Aim of the task - Using the data that follows, give again word for word the lines between the one holding "flat jaws (included)" and the one holding "Community (Nov. 2023)", inclusive. Omit the pictures.
··· The records ···
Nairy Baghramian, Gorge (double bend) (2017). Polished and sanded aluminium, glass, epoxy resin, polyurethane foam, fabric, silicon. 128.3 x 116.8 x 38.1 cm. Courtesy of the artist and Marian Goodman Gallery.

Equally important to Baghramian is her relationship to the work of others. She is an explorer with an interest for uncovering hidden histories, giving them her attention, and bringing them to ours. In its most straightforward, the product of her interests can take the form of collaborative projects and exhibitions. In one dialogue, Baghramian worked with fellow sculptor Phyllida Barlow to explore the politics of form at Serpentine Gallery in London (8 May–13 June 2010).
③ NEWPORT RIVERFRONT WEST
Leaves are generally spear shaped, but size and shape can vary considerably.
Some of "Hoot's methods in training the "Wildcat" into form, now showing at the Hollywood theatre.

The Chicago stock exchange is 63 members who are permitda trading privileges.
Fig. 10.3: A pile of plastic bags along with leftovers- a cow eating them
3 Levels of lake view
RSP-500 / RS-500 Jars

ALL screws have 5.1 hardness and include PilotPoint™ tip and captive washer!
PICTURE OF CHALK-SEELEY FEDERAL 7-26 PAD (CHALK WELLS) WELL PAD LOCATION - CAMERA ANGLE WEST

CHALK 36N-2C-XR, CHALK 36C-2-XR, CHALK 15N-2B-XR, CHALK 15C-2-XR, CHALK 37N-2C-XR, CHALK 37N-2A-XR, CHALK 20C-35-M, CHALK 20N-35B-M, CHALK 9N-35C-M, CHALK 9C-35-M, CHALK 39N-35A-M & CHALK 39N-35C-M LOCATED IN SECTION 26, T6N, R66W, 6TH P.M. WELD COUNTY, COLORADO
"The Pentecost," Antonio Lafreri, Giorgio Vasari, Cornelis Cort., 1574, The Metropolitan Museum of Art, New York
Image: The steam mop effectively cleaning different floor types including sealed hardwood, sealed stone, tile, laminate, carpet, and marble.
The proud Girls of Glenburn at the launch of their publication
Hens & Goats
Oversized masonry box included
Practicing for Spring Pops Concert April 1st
···
··· The records ···
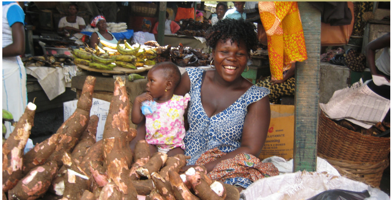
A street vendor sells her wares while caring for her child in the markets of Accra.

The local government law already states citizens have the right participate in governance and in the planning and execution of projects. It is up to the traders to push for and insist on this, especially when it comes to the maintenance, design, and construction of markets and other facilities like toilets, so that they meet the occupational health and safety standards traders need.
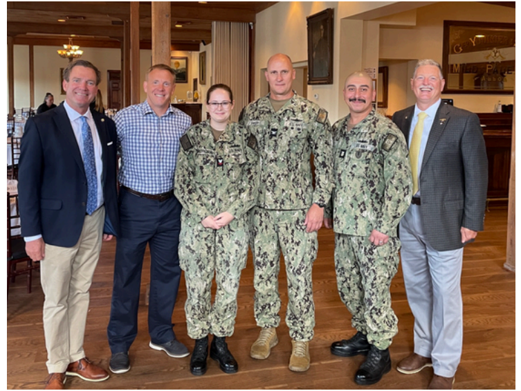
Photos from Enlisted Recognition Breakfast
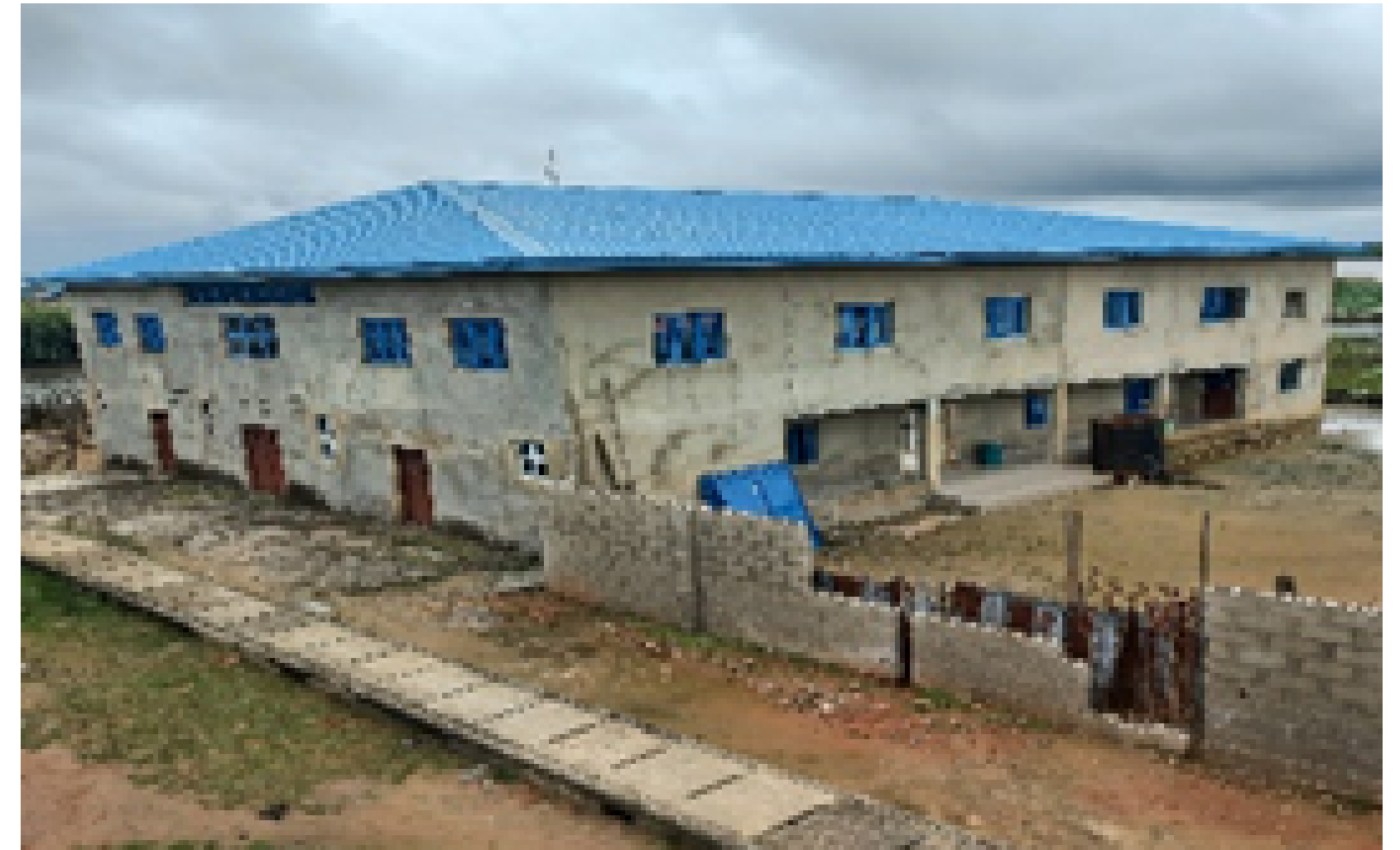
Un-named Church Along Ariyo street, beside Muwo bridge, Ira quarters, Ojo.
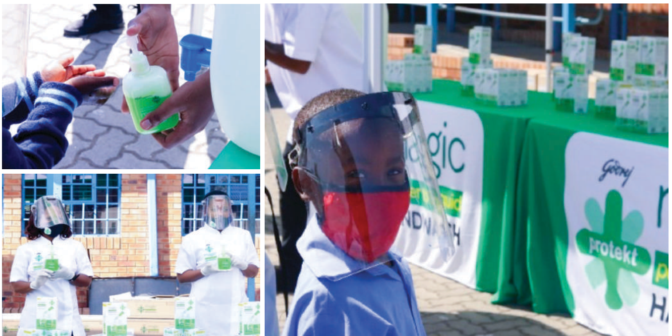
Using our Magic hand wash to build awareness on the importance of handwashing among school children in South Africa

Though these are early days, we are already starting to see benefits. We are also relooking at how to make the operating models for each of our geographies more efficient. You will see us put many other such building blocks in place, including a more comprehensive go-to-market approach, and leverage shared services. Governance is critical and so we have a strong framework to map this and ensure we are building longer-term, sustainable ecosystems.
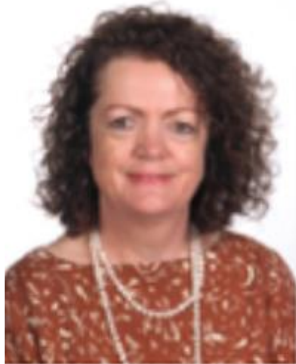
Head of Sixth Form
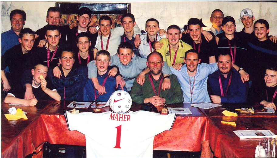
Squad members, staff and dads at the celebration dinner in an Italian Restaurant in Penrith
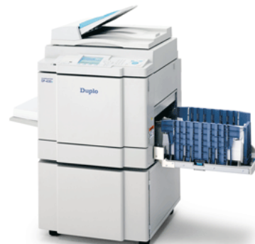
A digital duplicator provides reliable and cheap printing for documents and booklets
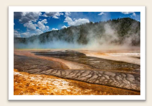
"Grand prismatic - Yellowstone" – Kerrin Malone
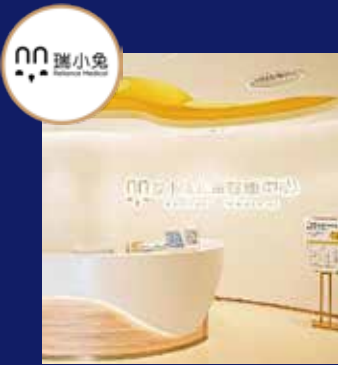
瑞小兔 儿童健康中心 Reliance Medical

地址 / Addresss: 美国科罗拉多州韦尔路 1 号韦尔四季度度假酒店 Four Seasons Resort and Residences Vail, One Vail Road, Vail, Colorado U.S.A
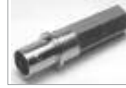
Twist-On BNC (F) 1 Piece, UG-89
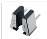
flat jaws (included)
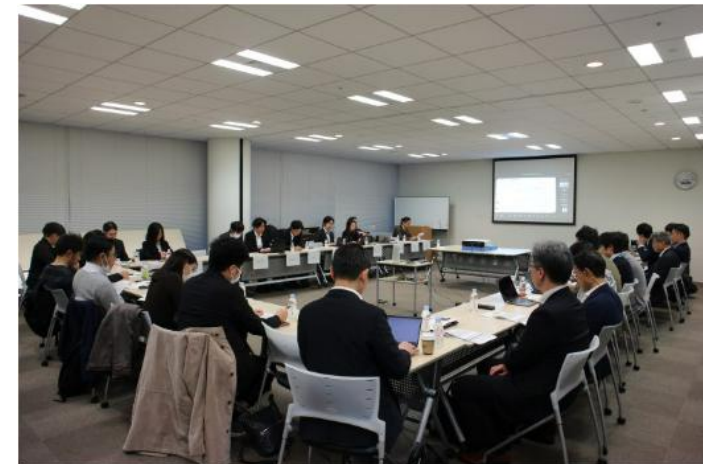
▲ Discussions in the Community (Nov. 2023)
···
Task answer -
flat jaws (included)
▲ Discussions in the Community (Nov. 2023)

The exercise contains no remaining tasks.